The floating-rate mortgages were analyzed to determine the probability of loan default over the term of the loan and its refinance risk at maturity, based on a fully extended loan term. Because of the floating-rate nature of the loans, the index (one-month LIBOR) was modeled at the lower of a DBRS stressed rate that corresponded to the remaining fully extended term of the loans and the strike price of the interest rate cap, with the respective contractual loan spread added to determine a stressed interest rate over the loan term. When the cut-off balances were measured against the DBRS In-Place net cash flow (NCF) and their respective stressed constants, there were 24 loans, representing 78.7% of the pool, with term debt service coverage ratios (DSCR) below 1.15 times (x), a threshold indicative of a higher likelihood of term default. Additionally, to assess refinance risk, DBRS applied its refinance constants to the balloon amounts, resulting in 19 loans, or 64.1% of the loans, having refinance DSCRs below 1.00x relative to the DBRS stabilized NCF. The properties are often transitioning, with potential upside in the cash flow; however, DBRS does not give full credit to the stabilization if there are no holdbacks or if other loan structural features in place were insufficient to support such treatment. Furthermore, even with structure provided, DBRS generally does not assume the assets to stabilize above market levels.
One loan, Vista Shops, representing a total of 2.6% of the pool, has not closed as of the publication date of the DBRS rating report and may not close prior to the closing of this transaction. If the loan does not close prior to the closing date, a deposit will be made to the unused proceeds account in an amount equal to the expected initial principal balance of the loan. To the extent that this loan is not purchased within 90 days of securitization closing, the unused proceeds will pay down the Notes in an amount necessary to cause the credit enhancement level for each class to equal the targeted credit enhancement, with all remaining proceeds distributed to the preferred shares. DBRS believes that the increase in subordination from the current levels to the adjusted levels appropriately accounts for the possible deterioration in both credit quality and diversity profile if the loan does not close within 90 days of securitization.

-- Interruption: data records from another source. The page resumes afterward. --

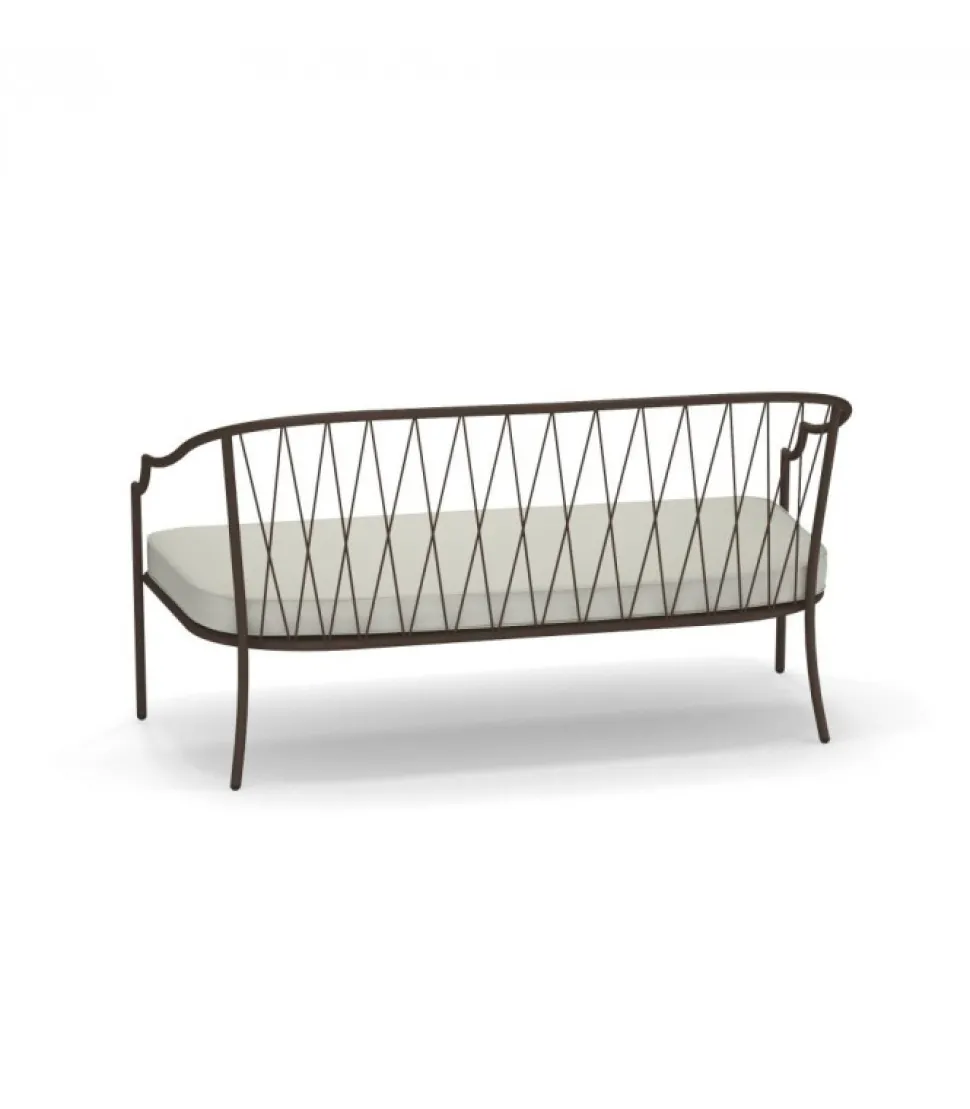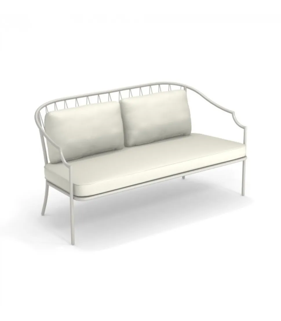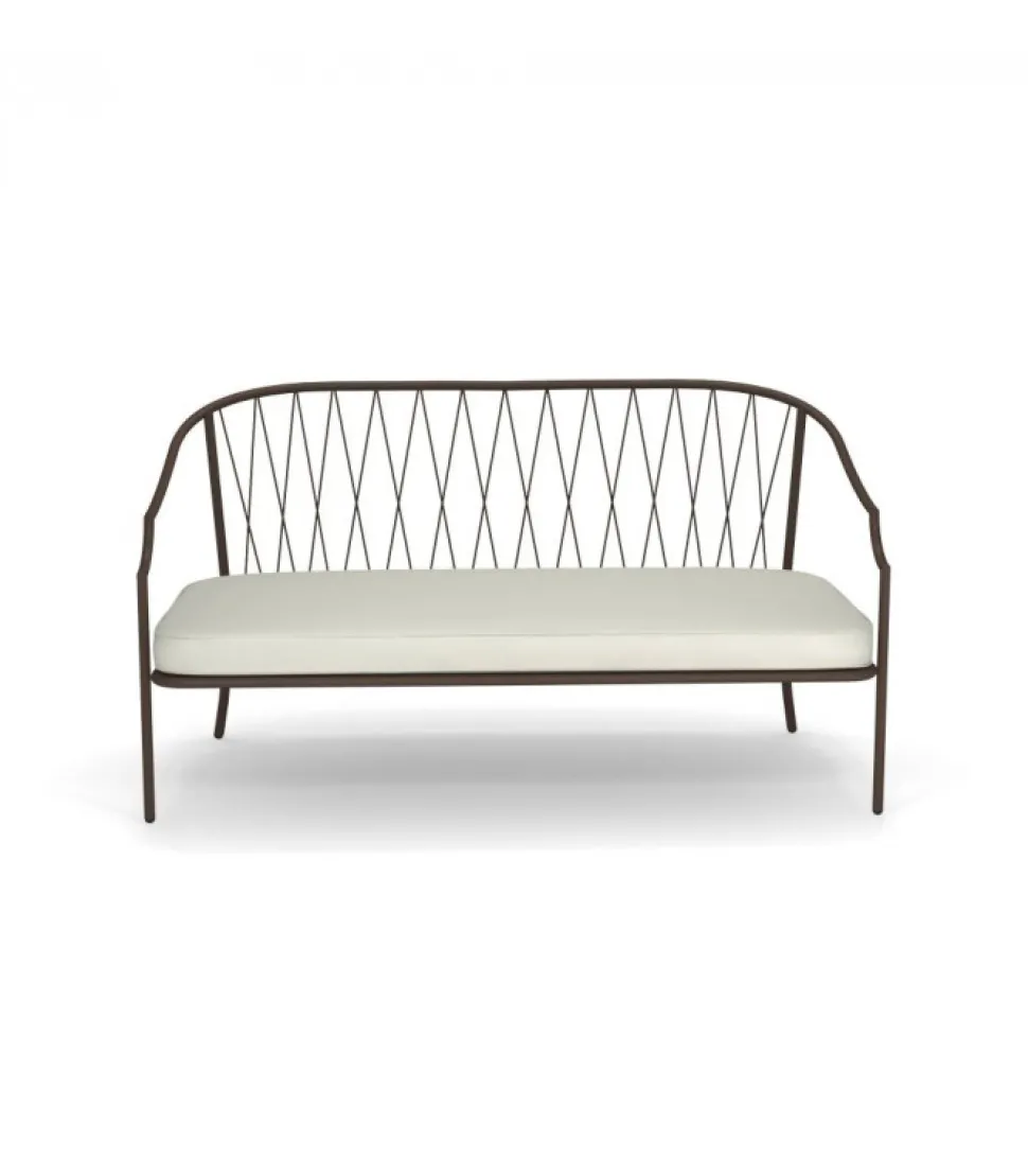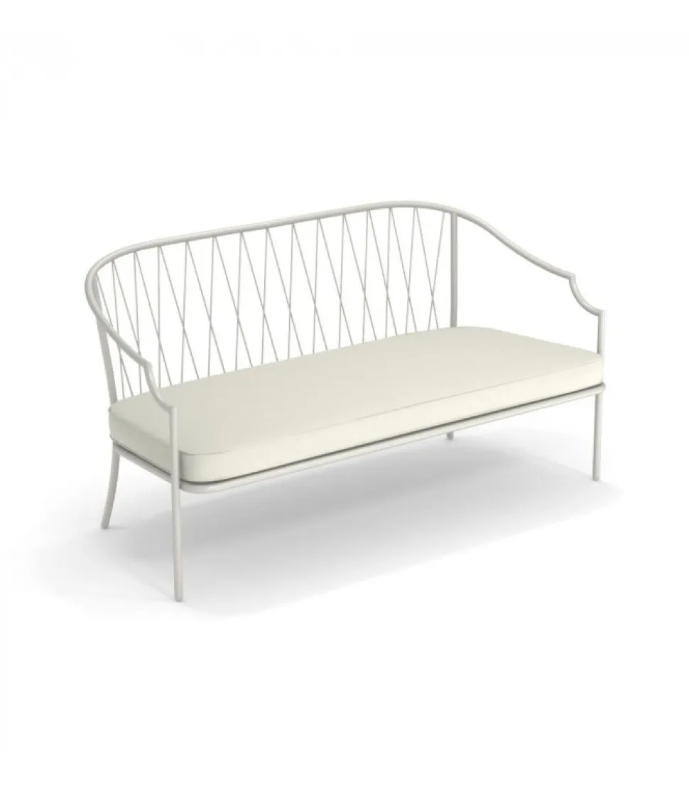 Divano Con Struttura In Acciaio Verniciato, La Seduta E In Lamiera Stirata Pre Zincata A Caldo E Verniciata, Lo Schienale E In Acciaio A Tondini Pre Zincato A Caldo. E Accessoriabile Di Cuscino Per Lo Schienale Ed E Dotato Di Cuscino Per La Seduta, Disponibile In Molti Tessuti E Molti Colori.
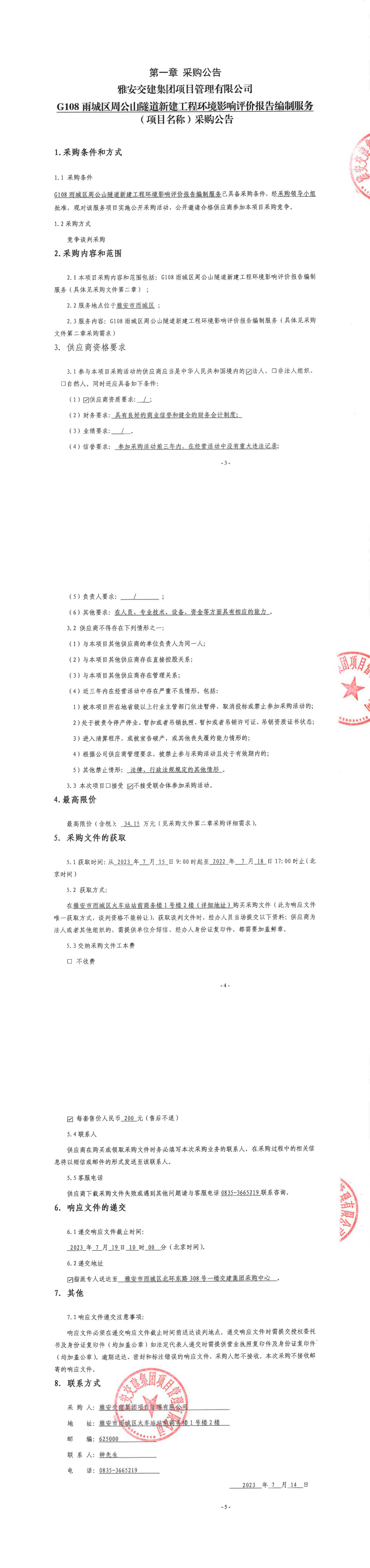 雅安交建集團(tuán)項(xiàng)目管理有限公司G108雨城區(qū)周公山隧道新建工程環(huán)境影響評(píng)價(jià)報(bào)告編制服務(wù)(項(xiàng)目名稱)采購公告
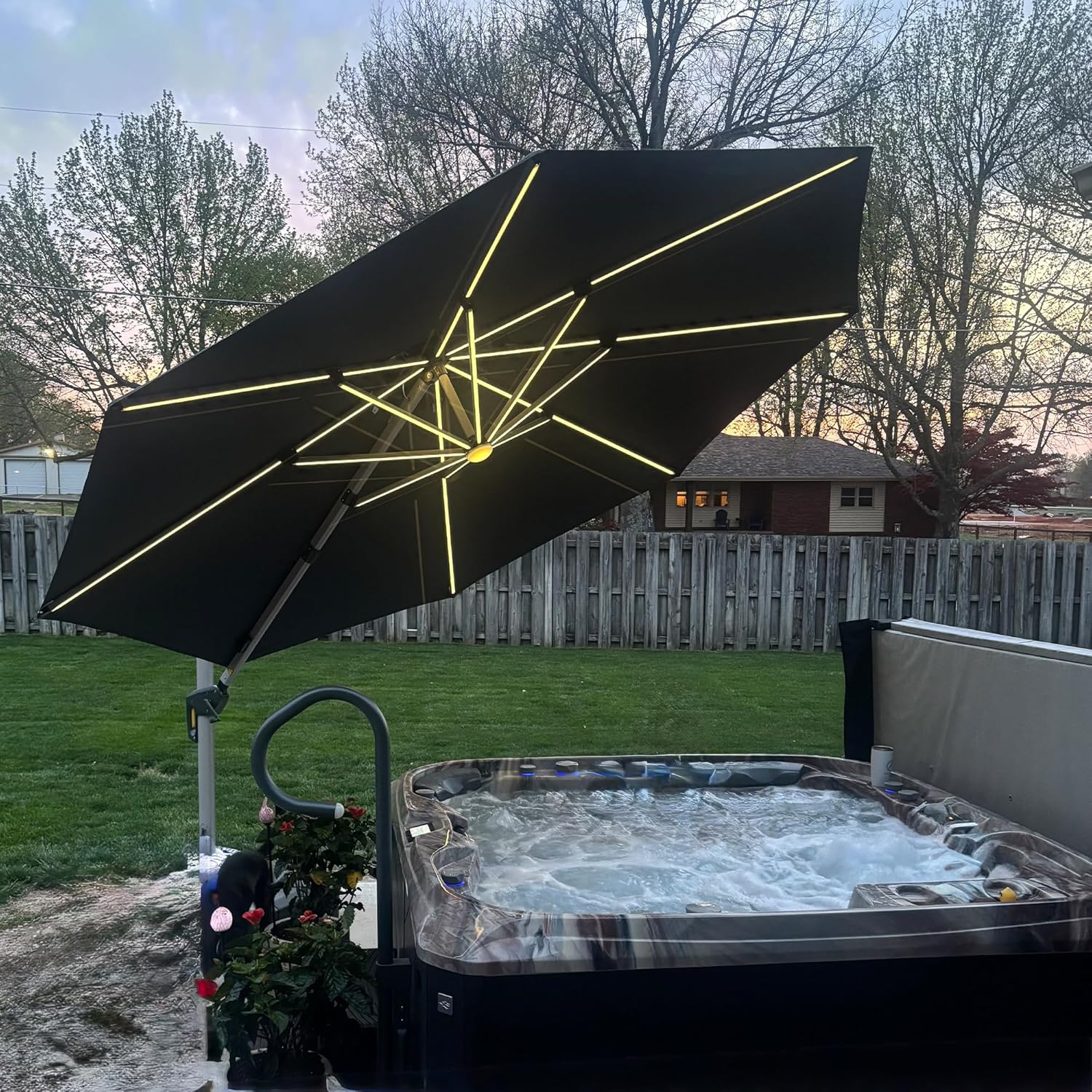 PURPLE LEAF 12ft Solar powered LED Patio Umbrella Outdoor Round Umbrella Large Cantilever Umbrellas with LED lights Windproof Offset Umbrellas Heavy Duty Sun Umbrella for Garden Deck Pool Patio, Grey

The DBRS rating addresses the likelihood of timely receipt of interest with contemplation of deferral as allowed for in the transaction documents and the ultimate payment of principal and interest (including any previously deferred) by the DBRS Rated Final Payment Date, defined as January 2031. The ratings assigned to the Notes by DBRS are based exclusively on the credit provided by the transaction structure and underlying trust assets. The Notes will be subject to ongoing surveillance, which could result in upgrades or downgrades by DBRS after the date of issuance.
Notes:
All figures are in U.S. dollars unless otherwise noted.
The applicable methodology is North American CMBS Rating Methodology, which can be found on our website under Methodologies.
With regard to due diligence services, DBRS was provided with the Form ABS Due Diligence-15E (Form-15E), which contains the description of the information that the third party reviewed in conducting the due diligence services and a summary of the findings and conclusions. While DBRS did not require due diligence services outlined in Form-15E, DBRS did use the Data File outlined in the Independent Accountant’s Report in its analysis to determine the ratings.
This rating is endorsed by DBRS Ratings Limited for use in the European Union.